Tuesday — June 18, 2024

Amazon's AI cameras gauge train passengers' emotions, DeepSeek-Coder-V2 outshines GPT-4-Turbo in coding tasks, and a new framework boosts LLM confidence estimation accuracy by 10%.

News

Getting 50% (SoTA) on Arc-AGI with GPT-4o

For those who aren’t in the loop the ARC Prize is a $1,000,000+ public competition to beat and open source a solution to the ARC-AGI benchmark. Recently, however, it’s become possible to achieve 50% accuracy on the ARC-AGI public test set with GPT-4o simply using basic feature engineering and prompting… The previous SOTA was 34%. Check out the article for some great illustrations poking fun at neuro-symbolic AI.

What policy makers need to know about AI

The SB 1047 bill in California aims to regulate AI by ensuring that large models are confirmed safe before release, intending to (somehow) simultaneously support open-source development. However, by failing to differentiate between "deployment" and "release" of AI models, it could inadvertently block all large open-source model advancements. Deployment includes systems such as APIs and applications using the models, where potential harm is realized, rather than the release of model weights and code.

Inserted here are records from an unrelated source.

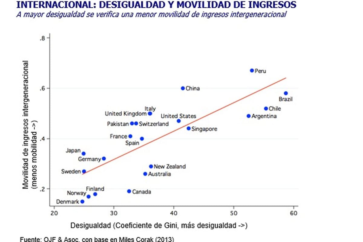 Esto se puede comprobar más exactamente en Chile, Perú y Brasil, donde se aprecia un índice de movilidad social peor que en Argentina y una peor distribución del ingreso.
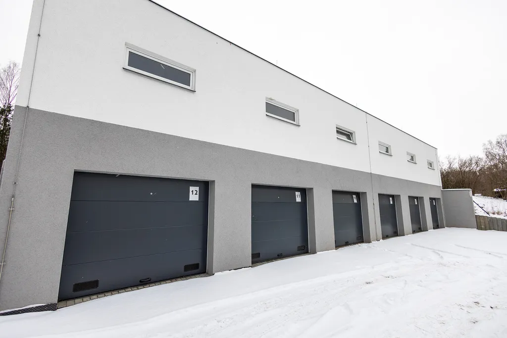 Najdete tu celkem 22 vchodů, což znamená, že některé garáže jsou trojité – tedy s plochou třikrát větší a bez vnitřních příček. Samozřejmě je možné je znovu rozdělit, ale až to uvidíte naživo, sami zjistíte, jak praktické a užitečné to řešení je.
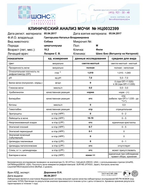 Мария, очень прошу Вас соблюдать правила вежливости и уважать собеседников.CereraNight писал(а):Может уже хватит заниматься самолечением по интернету? Есть врач, который видел и щупал собаку. Он посмотрит анализы и скажет что делать. На коки смотреть при таком сборе как у нас бессмысленно, сбор не стерильный. Эпителия в разы меньше, чем в предыдущем анализе. Лейкоциты "гуляют", но их с большой долей вероятности дает простата.
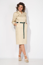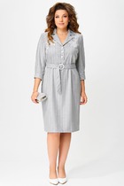 Платье, с центральной двубортной застежкой на пришивные кнопки, с отложным воротником и лацканами. Верхняя часть переда с нагрудными вытачками. Верхняя часть спинки со средним швом и талиевыми вытачками .Нижняя часть переда и спинки расклешенная. Низ переда закладывается в односторонние складки. Шов по талии присборен на резинку. Рукав втачной, короткий, с отложной манжетой. Платье со съемным поясом.
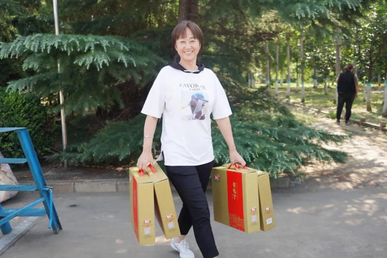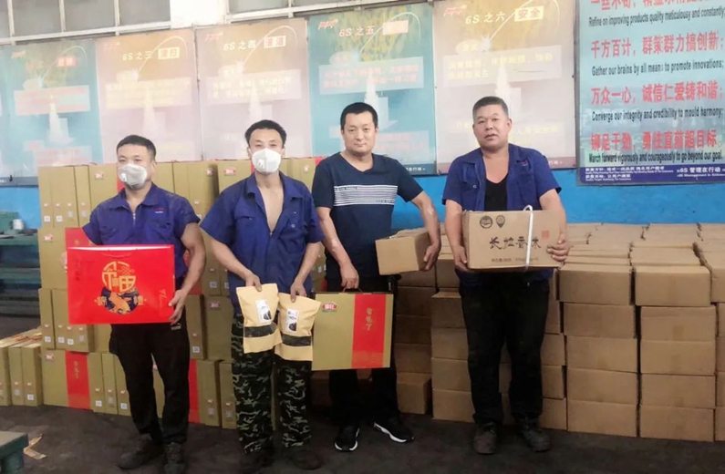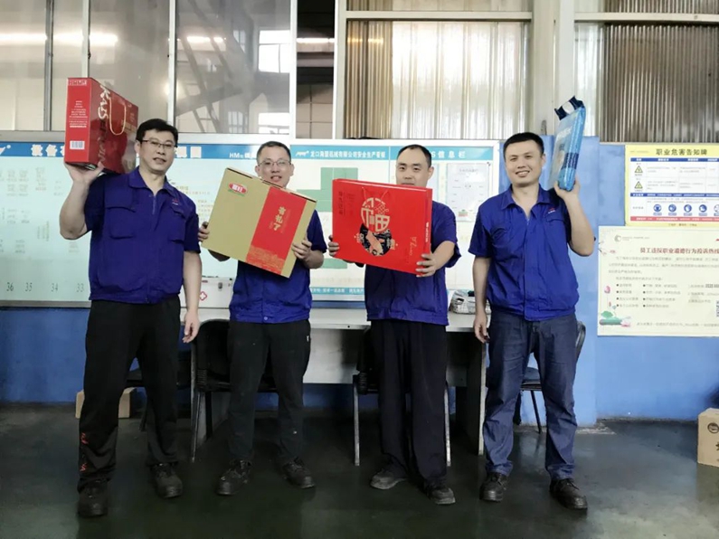 沉甸甸的禮品給大家?guī)砹藲g笑,也給員工帶來了滿滿的感動。
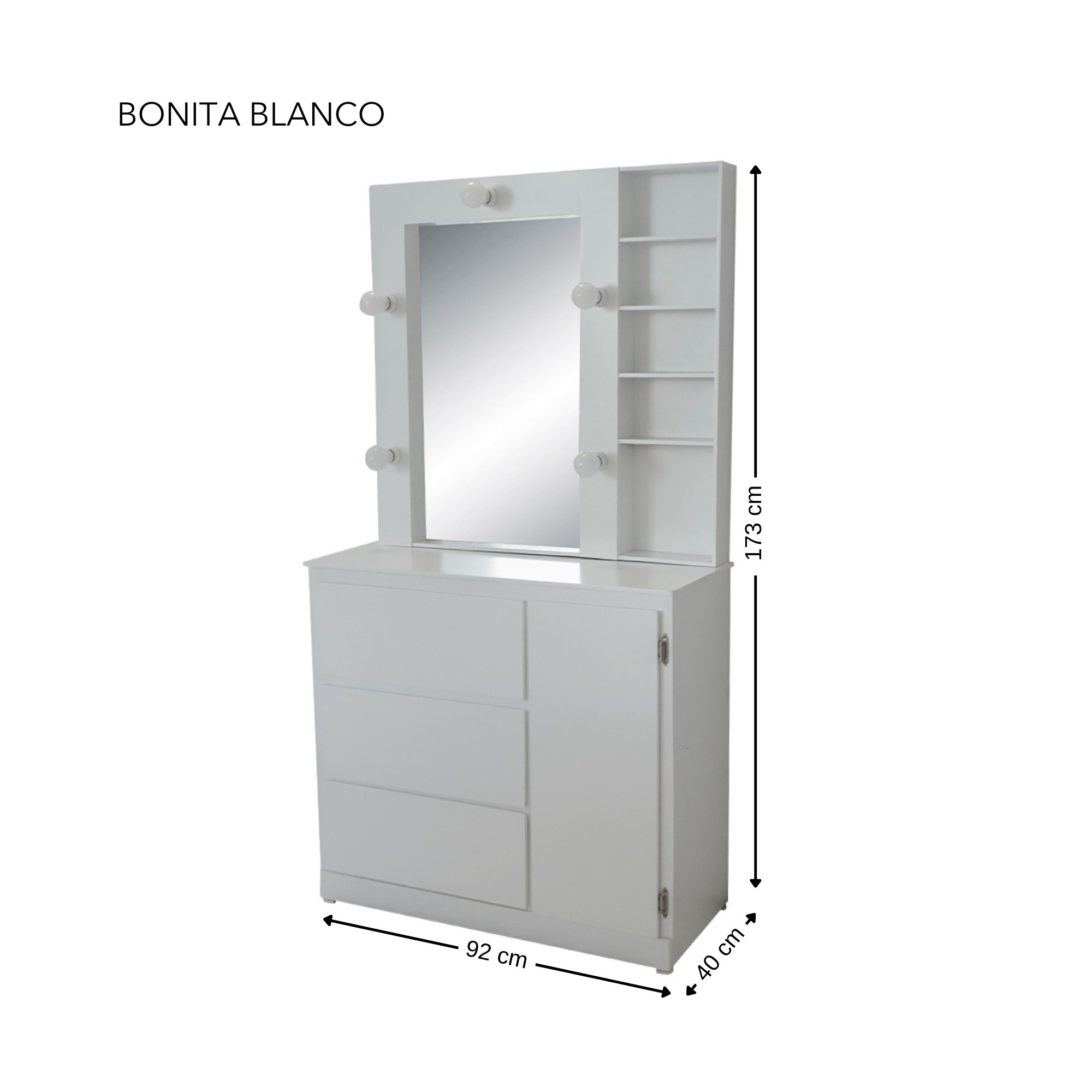 Peinador BONITA con 5 focos LED. Correderas metálicas en todos los cajones.
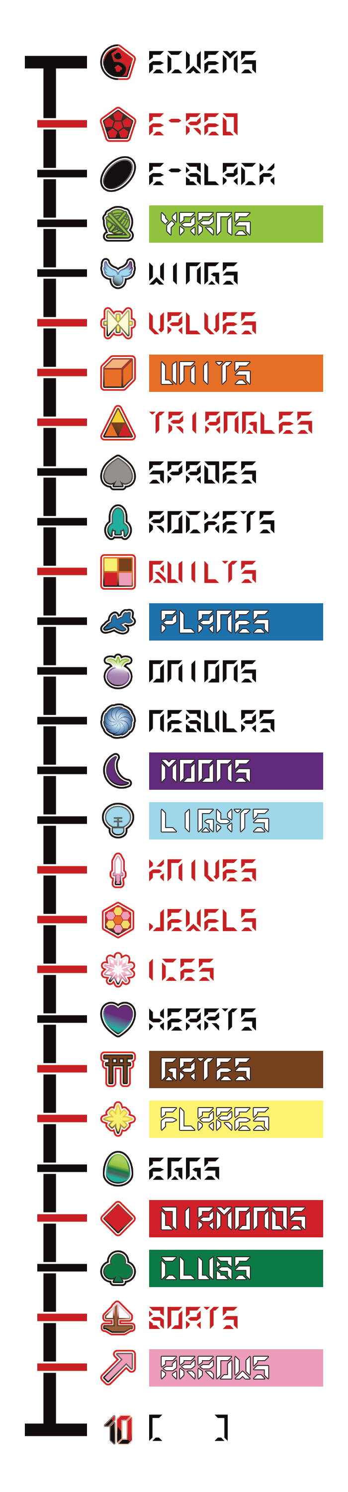 The letters are used for card games with a hierarchy. For a traditional playing card deck the hierarchy highest to lowest is Spades, Hearts, Diamonds, Clubs or reverse alphabetical. The Ecwem deck uses the same method highest to lowest are reverse alphabetical. Similarly to the traditional playing card deck, the alphabetical suits are divided into red or black with 12 suits in each. Red suits have sharp edges and use warm colors, black suits have rounded edges and use cool colors.
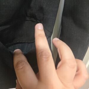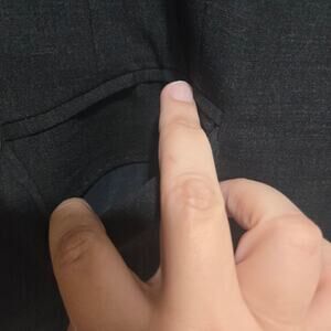 Condition: Pre-owned. Some faint marks, light wear, and wrinkles from storage. One pocket area shows minor loose stitching. Exterior welt pockets still have factory basting stitches intact. Style tag is missing. See all photos.
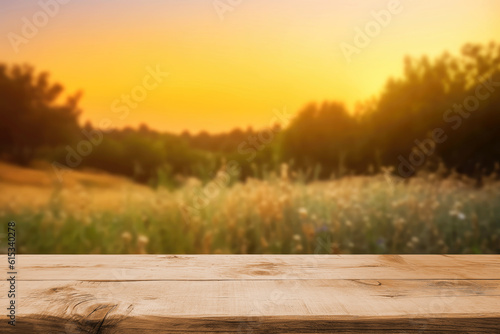 Empty wooden table with copy space as mock-up template (Generative AI)
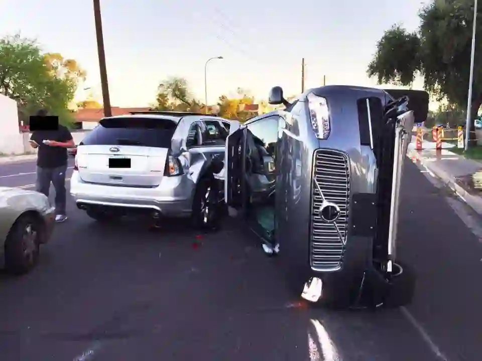 当时,优步自动驾驶汽车行驶在三车道最左边的一道,右边两车道发生了堵车。有一位人类司机想左拐穿过车道,可能在穿越车道时没有看到优步的车,在驶入最左边车道时发生了翻车。警察后来称,优步无需为此事故担责。
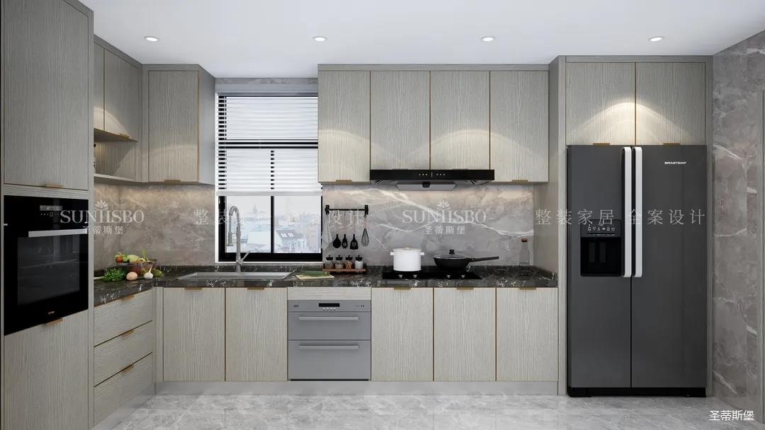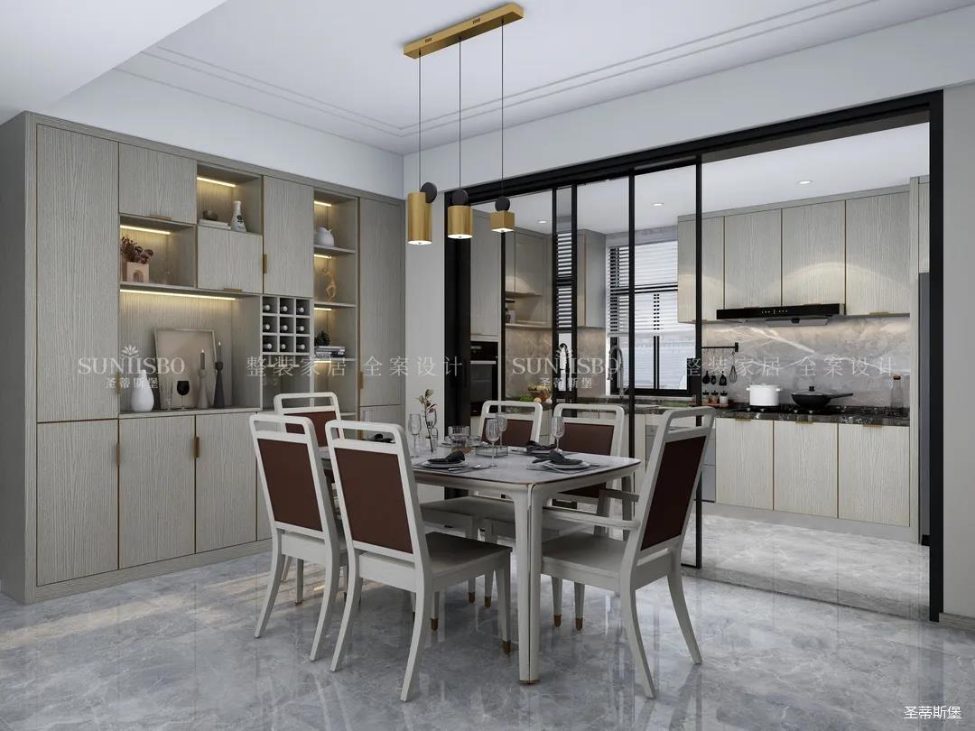 廚房餐邊柜的設計不遺余力的表達了收納充足藏而不漏,空間經(jīng)過設計斟酌,將木元素作為空間主流,柜體上最能體現(xiàn)質(zhì)感的歲月紋理,既是工藝升級的表現(xiàn),又是時尚的標志。

Amazon-powered AI cameras used to detect emotions of unwitting train passengers

Network Rail (in the UK) has been testing AI systems focusing on trespass detection and passenger flow management at multiple sites, including Leeds station with 350 CCTV cameras. Gregory Butler from Purple Transform highlighted AI's role in swiftly identifying trespassing incidents and aiding human operators. Privacy experts, however, point to a lack of public consultation and the risk of increased surveillance impinging on personal freedoms. Similar AI surveillance implementations are planned for the Paris Olympic Games.

Research

Large Language Model Confidence Estimation via Black-Box Access

This paper address the challenge of estimating confidence in LLMs using only black-box access. A fairly common scenario nowadays. A framework is introduced that uses engineered features and logistic regression to estimate confidence. It shows significant improvements, outperforming current methods by over 10% in AUROC on datasets like TriviaQA, SQuAD, CoQA, and Natural Questions. The interpretable model also reveals transferable features that generalize across different LLMs with zero-shot capability on the same dataset.

A Robot Walks into a Bar: Can LLMs Serve as Creativity Support Tools for Comedy?

At the Edinburgh Festival Fringe and online, twenty professional comedians were involved in 3-hour AI x Comedy'' workshops utilizing LLMs for comedy writing. The study assessed AI as a creativity support tool via a Creativity Support Index questionnaire and focus groups exploring AI usage motivations and ethical concerns like bias, censorship, and copyright. Comedians noted that AI moderation strategies reinforced mainstream views by erasing minority perspectives. Not good. They also criticized LLMs for generating uncreative and biased comedy, or "cruise ship" material.

An Image Is Worth 32 Tokens for Reconstruction and Generation

TiTok (not TikTok), a new Transformer-based 1D tokenizer, optimizes image tokenization by converting images into compact 1D latent sequences. Significantly reducing token count compared to traditional 2D methods like VQGAN, TiTok achieves efficient and effective representations. It reduces a 256x256x3 image to 32 tokens and surpasses state-of-the-art (SOTA) models, achieving a gFID of 1.97 on ImageNet 256x256, outperforming MaskGIT. At higher resolutions, TiTok excels, with a gFID of 2.74 and a 64x token reduction, speeding up generation by 410x. In comparison to DiT-XL/2, TiTok’s best variant scores gFID 2.13, generating quality samples 74x faster.

Code

Token price calculator for 400+ LLMs

TokenCost is a tool for estimating the USD cost of using LLM APIs by calculating the cost of prompts and completions clientside. It offers accurate token counting for LLM interactions, maintains a current list of prices from major LLM providers, and integrates easily into workflows with simple function calls.

DeepSeek-Coder-V2: Breaking the Barrier of Closed-Source Models in Code

DeepSeek-Coder-V2 is an advanced MoE code language model designed for code-specific tasks. It achieves high performance in coding and mathematical reasoning, outperforming many closed-source models like GPT-4-Turbo and Claude 3 Opus. It supports 338 programming languages and extends context length up to 128K tokens. The model is available with 16B and 236B parameters and offers functionalities like code generation, code completion, code fixing, and chat completion.

LLM instruction finetuning from-scratch tutorial

This repository provides code for building, pretraining, and finetuning a GPT-like LLM from scratch. It covers implementing attention mechanisms, pretraining on unlabeled data, and performing finetuning for tasks like text classification and instruction following. Bonus materials include details on efficient multi-head attention implementations, pretraining optimizations, and experimenting with different models. This is a fantastic resource to get a first-principles understanding of finetuning.